Indeed, it is remarkable that the differences between the two dosing regimens in this study were not confined to the lunchtime period, when the repaglinide dose was omitted in the two-dose group, and therefore do not simply represent an “escape from control” that might have been predicted when no dose was given with lunch. Figure 2 shows that glucose levels were lower throughout the day in patients taking the drug with each meal, including the preprandial and fasting states, despite the fact that the same total daily dose was administered in each group. This does not represent a more persistent effect of repaglinide in patients receiving doses with each meal because Figs. 1 and 2 indicate that the presence of repaglinide and its effects on insulin levels are confined to the prandial period. This is confirmed by the analysis of insulin secretion rate, which showed that repaglinide had no effect on lunchtime insulin secretion when given in a two-dose regimen, confirming that the pharmacological effects of this agent do not extend from one meal period to the next. In principle, the benefit of mealtime dosing with repaglinide may reflect a reduction in glucose toxicity in which a greater reduction in blood glucose levels restores a degree of β-cell responsiveness, allowing an enhanced recovery of the endogenous insulin response to meals. However, the observed improvements in insulin secretion are unlikely to be solely due to reduced glucotoxicity, given the absence of improvement in lunchtime insulin secretion. On the other hand, improved control of glucose excursions at lunch resulted in enhanced early-phase prandial insulin release at the evening meal, despite lower glucose concentrations (Fig. 2). This observation was absent at lunch in the twice-daily regimen, indicating that the improvement may rely on repaglinide treatment at that time.

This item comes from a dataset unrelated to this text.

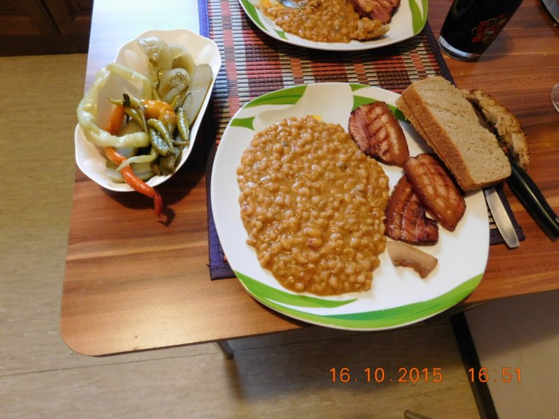 2) cu fasole din conserva: se caleste ceapa, se adauga boiaua si usturoiul trecut prin presa, se adauga fasolea, majoranul, si foaia de dafin. Se fierbe 30 - 40 min. Se serveste cu paine, muraturi si costita prajita.

Significantly steeper initial rises in postprandial insulin levels versus baseline were seen after 4 weeks of treatment with repaglinide (Table 1 and Fig. 2), despite the reduction in glucose levels that had occurred. Because this effect was also present when C-peptide and prehepatic insulin secretion rates were analyzed, it can be concluded that repaglinide treatment augments early-phase β-cell secretion rather than reduces insulin clearance.

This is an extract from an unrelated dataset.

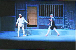 忠兵衛の故郷新口村には 色々な変装を した捕り方が 集まってきていた |

In conclusion, these data support a strategy of mealtime dosing with a rapid-acting insulin secretagogue such as repaglinide. The duration of action of repaglinide is seen to be sufficient to effectively suppress postprandial hyperglycemia but short enough that the effects of each mealtime dose are separate from those of the next dose—a feature that permits the flexible dosing regimen used in clinical practice and contributes to the low risk of hypoglycemia with this agent. It is clear that meal-related dosing in type 2 diabetes, in which a dose of short-acting insulin secretagogue is administered at every main meal, approaches the optimum for this form of therapy.